From: Huang Shijie <huangsj@hygon.cn>
To: Mateusz Guzik <mjguzik@gmail.com>
Cc: <akpm@linux-foundation.org>, <viro@zeniv.linux.org.uk>,
<brauner@kernel.org>, <linux-mm@kvack.org>,
<linux-kernel@vger.kernel.org>,
<linux-arm-kernel@lists.infradead.org>,
<linux-fsdevel@vger.kernel.org>, <muchun.song@linux.dev>,
<osalvador@suse.de>, <linux-trace-kernel@vger.kernel.org>,
<linux-perf-users@vger.kernel.org>,
<linux-parisc@vger.kernel.org>, <nvdimm@lists.linux.dev>,
<zhongyuan@hygon.cn>, <fangbaoshun@hygon.cn>,
<yingzhiwei@hygon.cn>
Subject: Re: [PATCH 0/3] mm: split the file's i_mmap tree for NUMA
Date: Tue, 14 Apr 2026 17:11:26 +0800 [thread overview]
Message-ID: <ad4EvoDcAKE2Sl4+@hsj-2U-Workstation> (raw)
In-Reply-To: <76pfiwabdgsej6q2yxfh3efuqvsyg7mt7rvl5itzzjyhdrto5r@53viaxsackzv>
On Mon, Apr 13, 2026 at 05:33:21PM +0200, Mateusz Guzik wrote:
> On Mon, Apr 13, 2026 at 02:20:39PM +0800, Huang Shijie wrote:
> > In NUMA, there are maybe many NUMA nodes and many CPUs.
> > For example, a Hygon's server has 12 NUMA nodes, and 384 CPUs.
> > In the UnixBench tests, there is a test "execl" which tests
> > the execve system call.
> >
> > When we test our server with "./Run -c 384 execl",
> > the test result is not good enough. The i_mmap locks contended heavily on
> > "libc.so" and "ld.so". For example, the i_mmap tree for "libc.so" can have
> > over 6000 VMAs, all the VMAs can be in different NUMA mode.
> > The insert/remove operations do not run quickly enough.
> >
> > patch 1 & patch 2 are try to hide the direct access of i_mmap.
> > patch 3 splits the i_mmap into sibling trees, and we can get better
> > performance with this patch set:
> > we can get 77% performance improvement(10 times average)
> >
>
> To my reading you kept the lock as-is and only distributed the protected
> state.
>
> While I don't doubt the improvement, I'm confident should you take a
> look at the profile you are going to find this still does not scale with
> rwsem being one of the problems (there are other global locks, some of
> which have experimental patches for).
IMHO, when the number of VMAs in the i_mmap is very large, only optimise the rwsem
lock does not help too much for our NUMA case.
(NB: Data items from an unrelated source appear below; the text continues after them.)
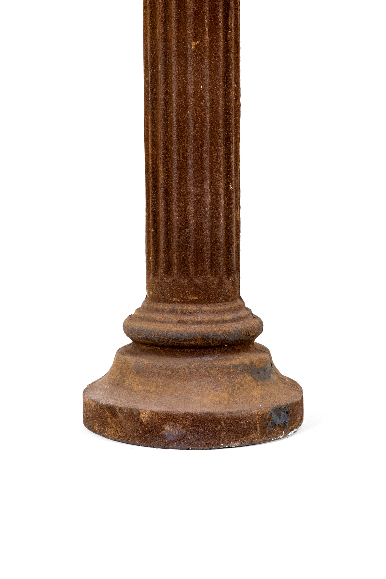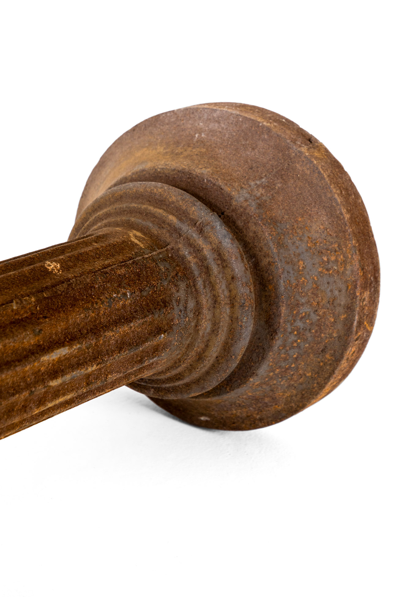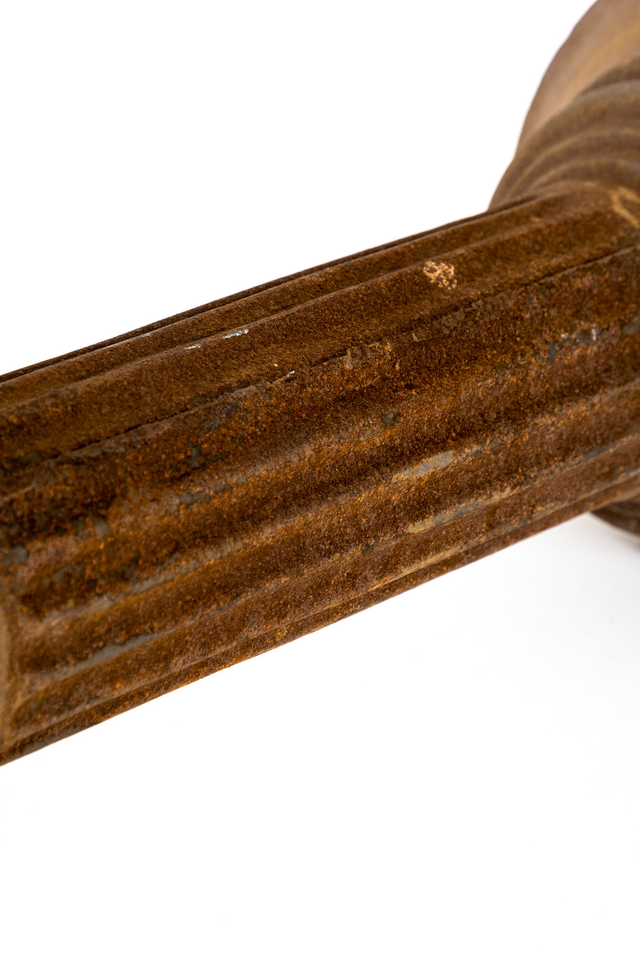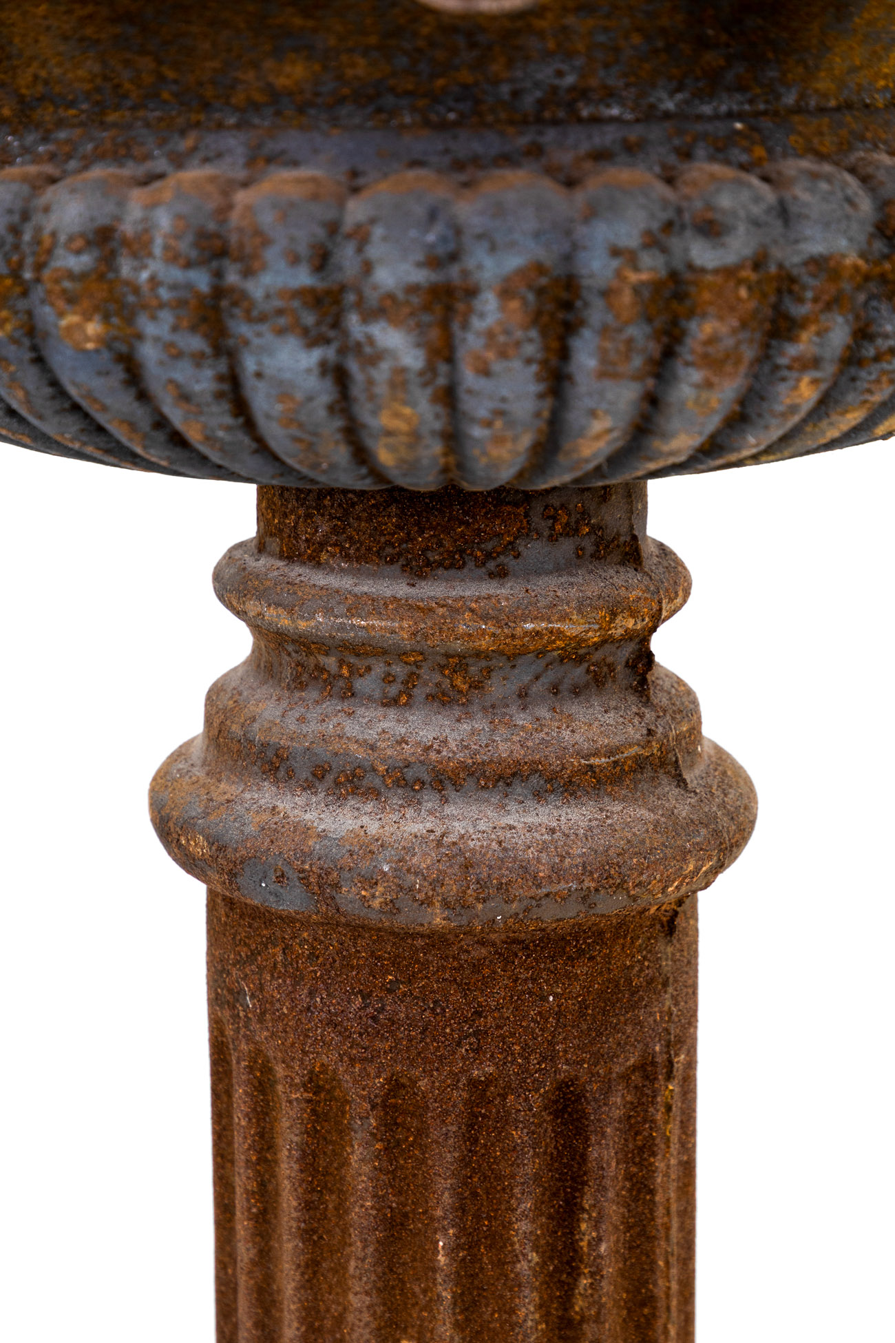 A striking pair of tall cast iron garden planters featuring two large fluted columns with circular crinkled bowl rims, akin to that of a sunflower.
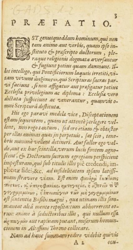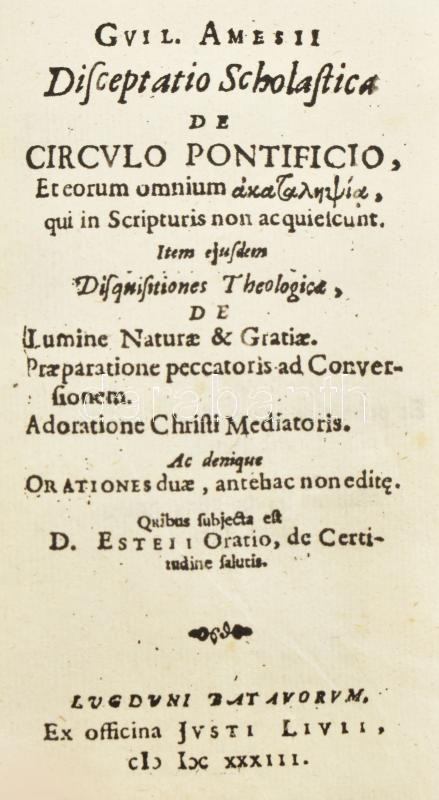 [William Ames/Gulielmus Amesius (1576 -1633)] Guil. Amesii disceptatio scholastica de circulo pontificio, et eorum omnium akatalepsia, qui in Scripturis non acquiescunt item ejusdem Disquisitiones Theologicae, de lumine naturae & gratiae praeparatione peccatoris ad conversationem adratione christi mediatoris. ... Lugduni Batavorum [Leiden], 1633, Ex officina Justi Livii, 93 p. Latin nyelven. Korabeli kartonált papírkötés, pótolt címlappal.
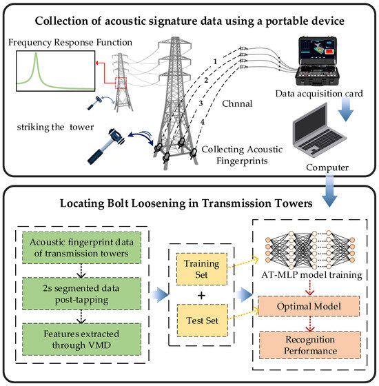 In contrast, data-driven methods have emerged as a promising alternative, leveraging advances in machine learning and sensor technology to address complex scenarios. In their study, Wang et al. [10] proposed a time–frequency feature extraction method based on Short-Time Fourier Transform (STFT). By combining STFT with image processing techniques, they were able to identify loosening states. This method exhibits a strong anti-noise capability and is suitable for early loosening monitoring, but its high computational complexity compromises real-time performance. Hou et al. [11] proposed a bolt loosening identification method based on acoustic signal analysis, genetic algorithm-optimized support vector machine (GA-SVM), and recursive feature elimination (RFE). This method utilizes wavelet packet energy spectrum analysis to detect complete loosening through abrupt changes in frequency band energy. It offers high sensitivity and a simple, clear energy ratio threshold setting, but it is sensitive to the placement of sensors. Sui et al. [12] proposed a method based on SH-type-guided waves, utilizing a small number of magnetostrictive transducers to detect and locate bolt loosening in multi-bolted connections. They incorporated noise-injection learning during the training process to improve the localization accuracy of bolt loosening. Zhao et al. [13] investigated the influence of bolt pre-loading on tower modal parameters and found that the shift in natural frequency could serve as a loosening indicator. While suitable for overall structural monitoring, this method has low sensitivity and requires high-frequency excitation. From a nonlinear dynamic perspective, Yang et al. [14] analyzed the subharmonic and chaotic characteristics of bolt loosening. This method provides a deeper understanding of the loosening dynamics mechanism, but it requires further adaptation to the actual working conditions of transmission towers. Zhao et al. [15] decomposed the transmission tower vibration response into low-frequency signals (2–25 Hz) and high-frequency signals (25–75 Hz). They processed these signals using adaptive Chirp mode decomposition and singular value decomposition to remove signal outliers caused by pulse excitation and employed the wavelet packet transform to eliminate forced vibrations. They then proposed a fault diagnosis model based on Timesnet and Transformer. Dong-Yoon Kim et al. [16] proposed a detection method based on Variational Mode Decomposition (VMD). This method uses VMD to decompose the transverse vibration mode into Intrinsic Mode Functions (IMFs), thereby selectively extracting signals with the desired mode. The NT method is then applied to the extracted signals for scaling and shifting, converting them into a form that is easy for approximate classification. Chen et al. [17] proposed a smart detection method based on a multi-scale one-dimensional convolutional neural network. This method automatically learns deep features from vibration signals by constructing a multi-scale feature extraction network, achieving end-to-end bolt loosening diagnosis. However, it requires a large amount of labeled data for training, which presents a data acquisition challenge in practical engineering applications. The effectiveness of tapping-based acoustic methods is diminished by noise interference. Existing solutions are difficult to scale to a full-range tower system, and the variability in striking force and structural dynamics in practical applications has not been addressed. It is noteworthy that experimental analyses of staggered double-bolted connections [18] and adjustable foundation bolts [19] have revealed the current framework’s inadequacy in simulating complex multi-bolt interactions, further highlighting the necessity for a system-level solution. Furthermore, the fusion of multi-modal data, such as acoustic signals, vibration data, and visual information, presents a promising avenue for future research.
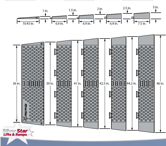 A hidden dovetail locking system allows for easy installation and incremental ramp height adjustment of up to 4 inches.
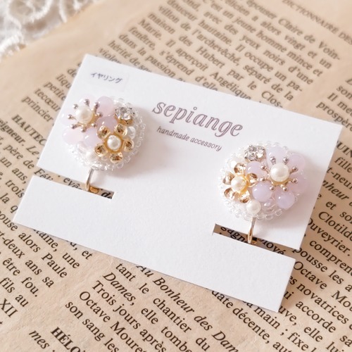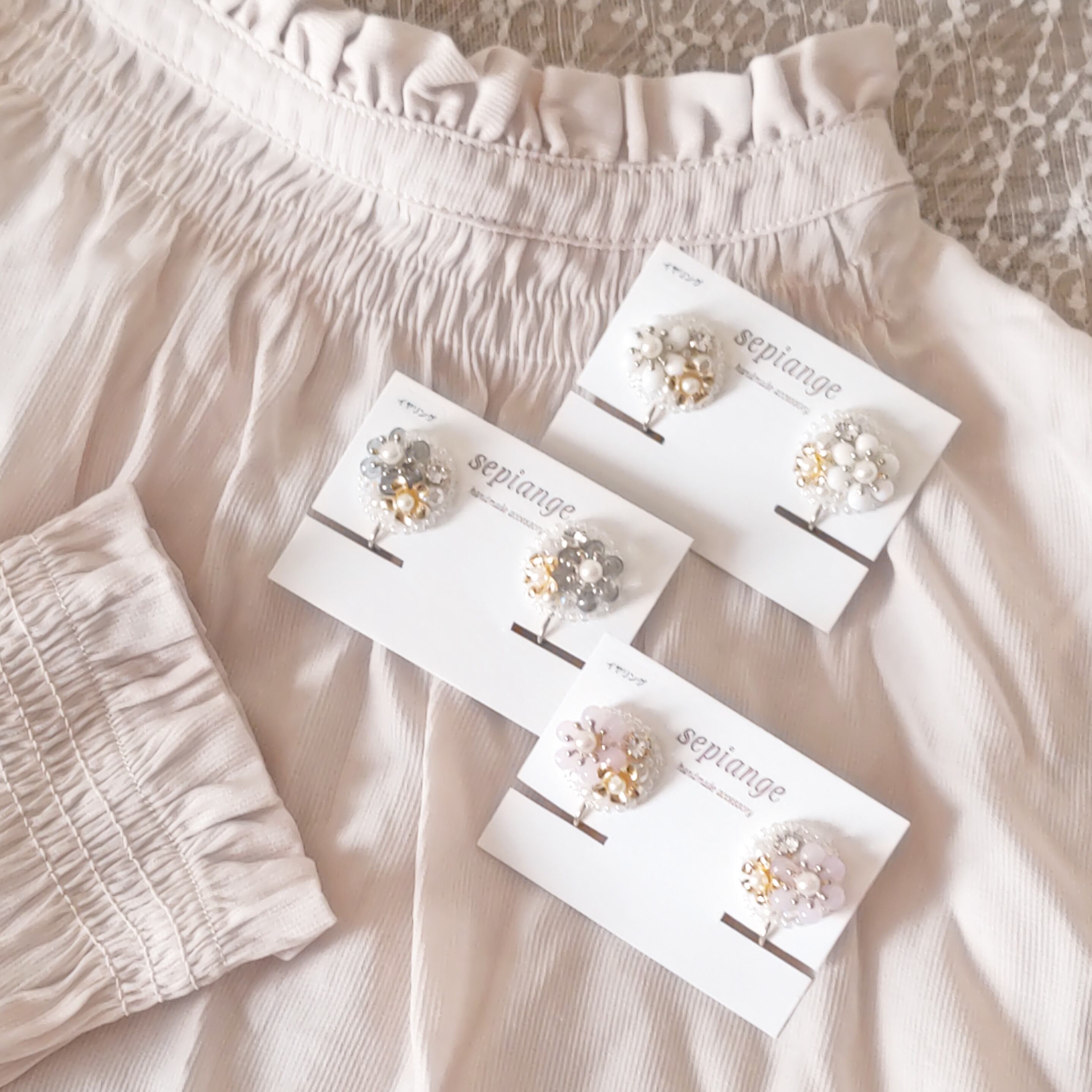 ✼••┈┈┈┈••✼••┈┈┈┈••✼ 2/25(金)21:00~3/2(水)23:59の期間 受注生産いたします♡ 受注生産のため状況によりお届けまでに1週間~10日 いただく場合がありますことをご了承ください。 ✼••┈┈┈┈••✼••┈┈┈┈••✼ 『春』といえば何を思い浮かべますか? sepiangeからは、卒業式や入学式などの セレモニーシーズンにお使いいただける 耳飾りをお届けします♡ ビーズ刺繍の技法で 小さなお花やパール、スワロフスキー(クリスタル)やビーズを 1つひとつ縫いつけて製作しました。 ──────────────────── 春は少しずつ暖かくなり綺麗なお花が咲いて 気分も明るくなりますよね(öᴗ<๑) そんな気分も取り入れたいと 可愛い小花もビーズで製作しています。 ──────────────────── こちらのお色はミルキーピンク。 少し可愛く華やかな印象になります。 ──────────────────── 縁周りはビーズで丁寧にステッチしています。 『どこから見ても綺麗』にこだわってお作りしています。 ──────────────────── 裏側は白のフェイクレザーを使用し 金具があまり見えないような工夫をしております。 そして、耳に触れる部分にフェイクレザーを使うことで肌触りもよく 痛くなりにくいとご好評いただいております。 イヤリング金具にはシリコンカバーもお付けしています。 ──────────────────── サイズ:縦1.8cmx横1.8cm 金具:蝶バネイヤリング、チタンピアス 金具の色:ゴールド 素材:ビーズ、パール、スワロフスキー(クリスタル)、メタルパーツ、金具(真鍮、チタン) ※ピアス(真鍮・チタン)・イヤリングはオプションからお選びください。 ──────────────────── 色展開:3色 ○白 https://sepiange.base.shop/items/58044335 ○ミルキーピンク https://sepiange.base.shop/items/58540245 ○グレー https://sepiange.base.shop/items/58540325 ──────────────────── また今回から 2wayパーツをオプションでお選びいただけます。 (各1650円) 詳細はこちら↓からご覧ください。 ①パールチェーン https://sepiange.base.shop/items/58427459 ②コットンパール(しずく型) https://sepiange.base.shop/items/58545609 ③コットンパール(煌めき) https://sepiange.base.shop/items/58545902 別売りもしておりますので 2wayパーツだけのご購入もしていただけます。 それぞれの販売ページをご覧ください。 〇イヤリング金具に付けるの場合 ネジバネタイプのものにはネジバネ式、蝶バネ式 どちらもお使いいただけるようなパーツとなっております。 〇ピアス金具に付ける場合 基本的にはビーズ刺繍本体とキャッチの間に挟むタイプですが キャッチに付けるというタイプも可能です。 お選びいただき、コメントに一言書いていただけますと幸いです。 ──────────────────── ご不明な点、ご質問はご注文の前にお願い致します。
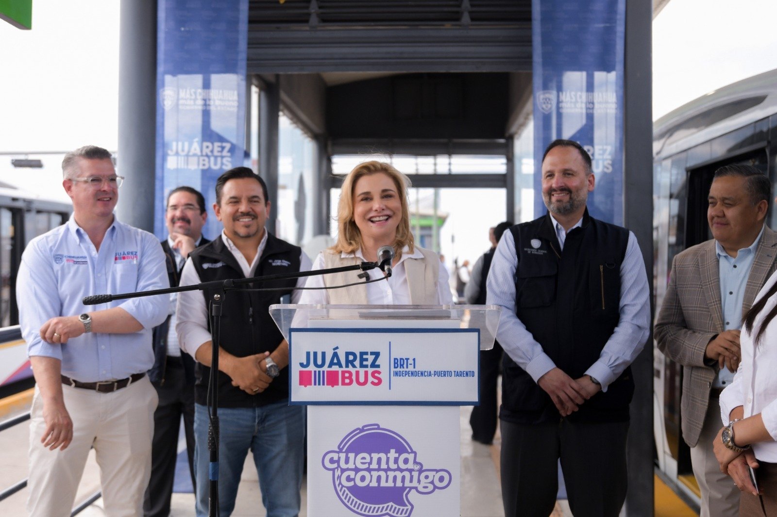 Maru Campos pone en marcha 9 estaciones más del BRT-1 en Ciudad Juárez
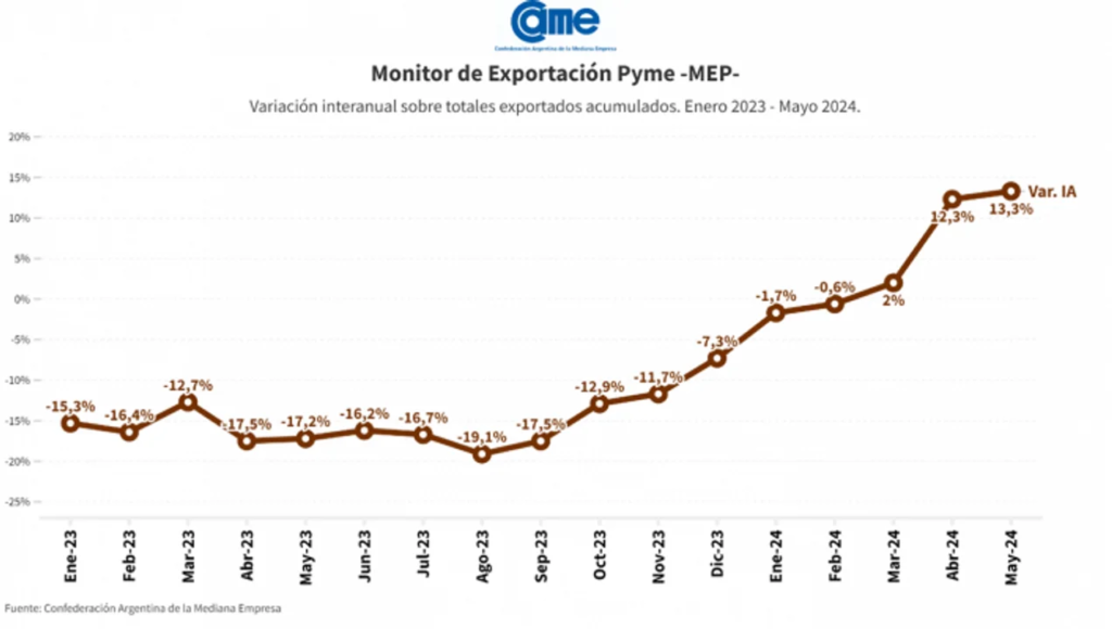 De esta manera, es el tercer mes consecutivo que los envíos al exterior de las pequeñas y medianas empresas registran un saldo positivo en dólares, tras el crecimiento del 2% interanual en marzo y del 12,3% en abril.
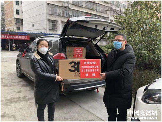 1月31日,怀化市台企台胞向一线工作人员捐献口罩。 (中国台湾网 发)
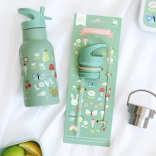 Praktisk sæt fra A Little Lovely Company til en 350 ml rustfri stålflaske indeholder et låg, et sugerør og en rensebørste. Det stilfulde motiv med jordbær vil glæde børn, nem udskiftning forlænger flaskens levetid, og et rent sugerør sikrer hygiejnisk drikning.
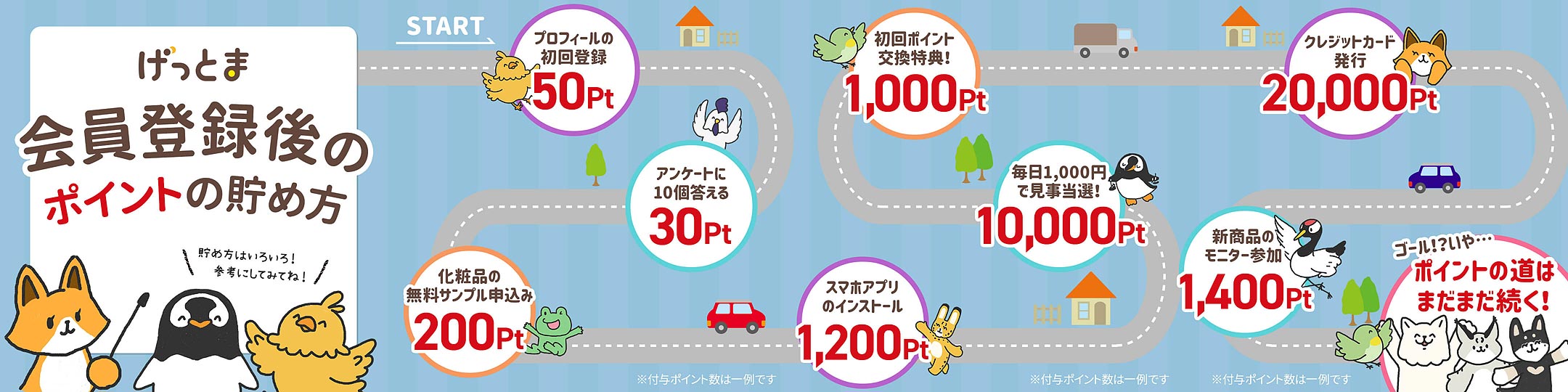 - プロフィールの初回登録:50pt
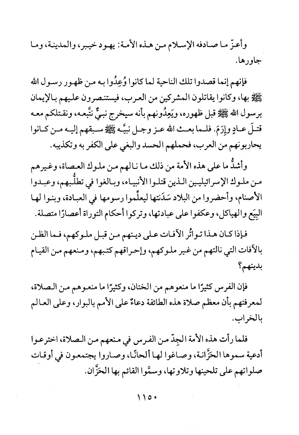 فإن الفرس كثيرًا ما منعوهم من الختان، وكثيرًا ما منعوهم من الصلاة، لمعرفتهم بأن معظم صلاة هذه الطائفة دعاءٌ على الأمم بالبوار، وعلى العالم بالخراب.
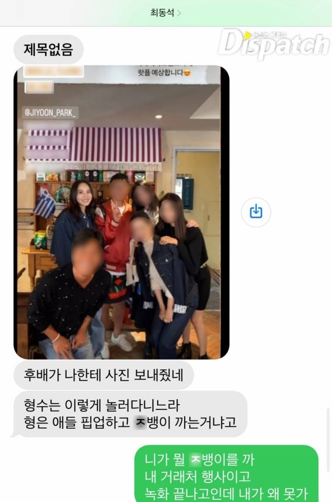 최동석 : 근데 걔가 캡처를 해서 이렇게 보낸 거야. "남자 만나고 있는데 괜찮아요? 형?" 하면서.
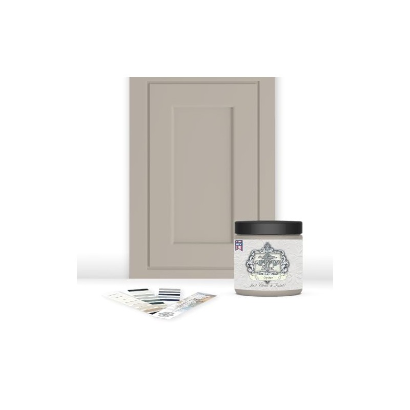 ALL-IN-ONE Paint, Durable cabinet and furniture paint. Built in primer and top coat, no sanding needed. Includes our 30 featured color card - Oyster, 8oz Sample

In our NUMA server, the remote access could be the major issue.
>
> Apart from that this does nothing to help high core systems which are
> all one node, which imo puts another question mark on this specific
> proposal.
Yes, this patch set only focus on the NUMA case.
The one-node case should use the original i_mmap.
Maybe I can add a new config, CONFIG_SPILT_I_MMAP. The config is disabled
by default, and enabled when the NUMA node is not one.
>
> Of course one may question whether a RB tree is the right choice here,
> it may be the lock-protected cost can go way down with merely a better
> data structure.
>
> Regardless of that, for actual scalability, there will be no way around
> decentralazing locking around this and partitioning per some core count
> (not just by numa awareness).
>
> Decentralizing locking is definitely possible, but I have not looked
> into specifics of how problematic it is. Best case scenario it will
> merely with separate locks. Worst case scenario something needs a fully
> stabilized state for traversal, in that case another rw lock can be
Yes.
The traversal may need to hold many locks.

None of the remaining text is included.